Carece de sentido tener un Sindicato Nacionalsocialista codo con codo con otros Sindicatos. Pues debe estar profundamente convencido de la universalidad de su tarea y de la consiguiente obligación de no [pactar con] otras instituciones con fines similares y tal vez hostiles, y estar preparado para proclamar su propia individualidad esencial. No puede haber componendas con aspiraciones afines; debe mantenerse su derecho absoluto a estar solo.

Hubo, y hay todavía, muchos argumentos en contra de fundar sindicatos propios.

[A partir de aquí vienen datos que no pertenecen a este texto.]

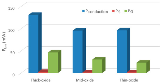 The power consumption with load for low-side gate drivers using thick, mid, and thin gate oxides was 7.89 mW, 1.17 mW, and 0.69 mW, respectively. In the case of low-side gate drivers, a low gate voltage swing has a significant advantage in terms of power consumption. Because two drivers are used for the low side-gate driver, they consume twice the power mentioned above.
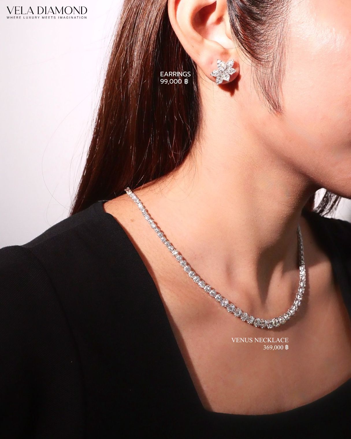 💡 Styling Tip: สวมคู่กับ สร้อยคอเพชรกลมไล่ไซส์ Venus Diamond

Siempre me he negado a considerar experimentos que estaban abocados al fracaso desde el principio. Habría considerado un crimen quitarle al trabajador una parte de sus salarios ganados con esfuerzo para pagar una institución de cuya utilidad para sus miembros no estuviera plenamente convencido.

Nuestra acción en 1922 se basaba en estas opiniones. Otros, al parecer, sabían más y fundaron sindicatos. Pero no tardaron en desaparecer. De modo que al final se encontraban en la misma posición que nosotros. La diferencia era que nosotros no habíamos traicionado ni a nosotros mismos ni a los demás.